Segment Open

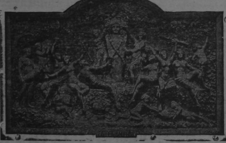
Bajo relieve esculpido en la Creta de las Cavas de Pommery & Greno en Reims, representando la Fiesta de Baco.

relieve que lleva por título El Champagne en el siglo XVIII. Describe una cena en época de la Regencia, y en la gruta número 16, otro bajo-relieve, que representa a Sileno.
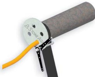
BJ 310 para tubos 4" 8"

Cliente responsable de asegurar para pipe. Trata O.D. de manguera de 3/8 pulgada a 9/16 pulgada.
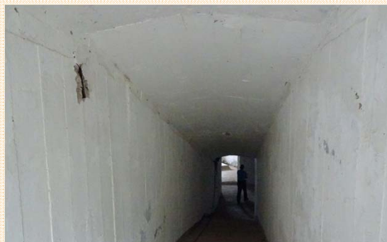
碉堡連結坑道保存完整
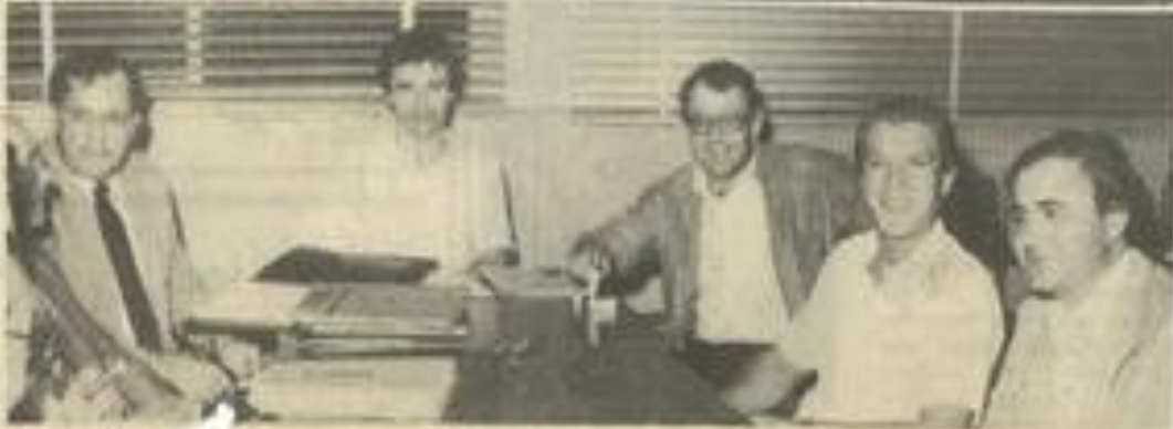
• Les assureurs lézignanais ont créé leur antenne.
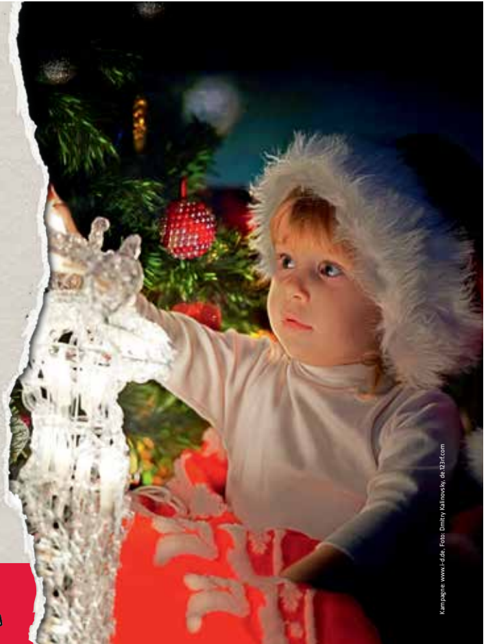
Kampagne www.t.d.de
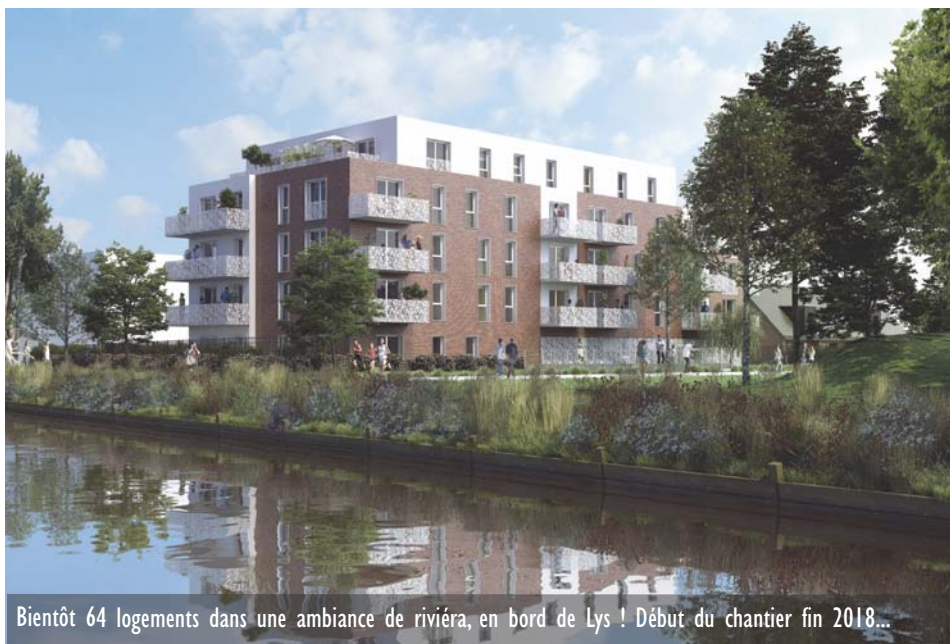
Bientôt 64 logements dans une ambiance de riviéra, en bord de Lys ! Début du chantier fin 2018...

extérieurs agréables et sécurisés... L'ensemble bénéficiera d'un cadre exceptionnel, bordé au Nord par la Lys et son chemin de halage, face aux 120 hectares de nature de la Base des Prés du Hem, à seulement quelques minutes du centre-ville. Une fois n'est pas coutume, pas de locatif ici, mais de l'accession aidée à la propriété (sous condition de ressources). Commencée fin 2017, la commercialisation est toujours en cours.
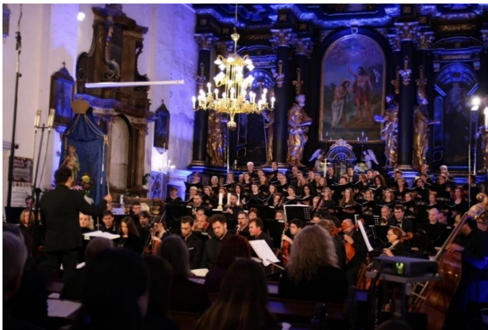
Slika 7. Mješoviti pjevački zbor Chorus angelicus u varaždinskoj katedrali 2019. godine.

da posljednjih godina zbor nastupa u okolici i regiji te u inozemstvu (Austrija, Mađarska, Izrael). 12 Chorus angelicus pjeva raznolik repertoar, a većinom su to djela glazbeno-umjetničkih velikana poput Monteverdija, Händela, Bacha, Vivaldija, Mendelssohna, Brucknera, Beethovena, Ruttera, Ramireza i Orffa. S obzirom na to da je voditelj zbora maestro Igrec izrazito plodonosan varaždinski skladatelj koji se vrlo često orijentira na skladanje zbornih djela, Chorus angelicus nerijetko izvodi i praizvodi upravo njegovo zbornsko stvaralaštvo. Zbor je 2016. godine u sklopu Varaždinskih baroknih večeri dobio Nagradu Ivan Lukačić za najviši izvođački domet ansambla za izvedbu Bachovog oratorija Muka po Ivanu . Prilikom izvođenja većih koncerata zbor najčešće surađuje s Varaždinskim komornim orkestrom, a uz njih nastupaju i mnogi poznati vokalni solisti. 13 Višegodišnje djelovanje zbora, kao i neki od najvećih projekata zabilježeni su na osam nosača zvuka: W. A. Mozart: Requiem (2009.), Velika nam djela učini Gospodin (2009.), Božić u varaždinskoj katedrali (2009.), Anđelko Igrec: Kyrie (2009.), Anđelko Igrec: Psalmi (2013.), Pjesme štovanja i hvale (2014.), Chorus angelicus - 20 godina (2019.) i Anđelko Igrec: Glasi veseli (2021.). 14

Segment Closed

Output the full set of records above without changing a word, and drop the images.

Result of the task:
Bajo relieve esculpido en la Creta de las Cavas de Pommery & Greno en Reims, representando la Fiesta de Baco.

relieve que lleva por título El Champagne en el siglo XVIII. Describe una cena en época de la Regencia, y en la gruta número 16, otro bajo-relieve, que representa a Sileno.
BJ 310 para tubos 4" 8"

Cliente responsable de asegurar para pipe. Trata O.D. de manguera de 3/8 pulgada a 9/16 pulgada.
碉堡連結坑道保存完整
• Les assureurs lézignanais ont créé leur antenne.
Kampagne www.t.d.de
Bientôt 64 logements dans une ambiance de riviéra, en bord de Lys ! Début du chantier fin 2018...

extérieurs agréables et sécurisés... L'ensemble bénéficiera d'un cadre exceptionnel, bordé au Nord par la Lys et son chemin de halage, face aux 120 hectares de nature de la Base des Prés du Hem, à seulement quelques minutes du centre-ville. Une fois n'est pas coutume, pas de locatif ici, mais de l'accession aidée à la propriété (sous condition de ressources). Commencée fin 2017, la commercialisation est toujours en cours.
Slika 7. Mješoviti pjevački zbor Chorus angelicus u varaždinskoj katedrali 2019. godine.

da posljednjih godina zbor nastupa u okolici i regiji te u inozemstvu (Austrija, Mađarska, Izrael). 12 Chorus angelicus pjeva raznolik repertoar, a većinom su to djela glazbeno-umjetničkih velikana poput Monteverdija, Händela, Bacha, Vivaldija, Mendelssohna, Brucknera, Beethovena, Ruttera, Ramireza i Orffa. S obzirom na to da je voditelj zbora maestro Igrec izrazito plodonosan varaždinski skladatelj koji se vrlo često orijentira na skladanje zbornih djela, Chorus angelicus nerijetko izvodi i praizvodi upravo njegovo zbornsko stvaralaštvo. Zbor je 2016. godine u sklopu Varaždinskih baroknih večeri dobio Nagradu Ivan Lukačić za najviši izvođački domet ansambla za izvedbu Bachovog oratorija Muka po Ivanu . Prilikom izvođenja većih koncerata zbor najčešće surađuje s Varaždinskim komornim orkestrom, a uz njih nastupaju i mnogi poznati vokalni solisti. 13 Višegodišnje djelovanje zbora, kao i neki od najvećih projekata zabilježeni su na osam nosača zvuka: W. A. Mozart: Requiem (2009.), Velika nam djela učini Gospodin (2009.), Božić u varaždinskoj katedrali (2009.), Anđelko Igrec: Kyrie (2009.), Anđelko Igrec: Psalmi (2013.), Pjesme štovanja i hvale (2014.), Chorus angelicus - 20 godina (2019.) i Anđelko Igrec: Glasi veseli (2021.). 14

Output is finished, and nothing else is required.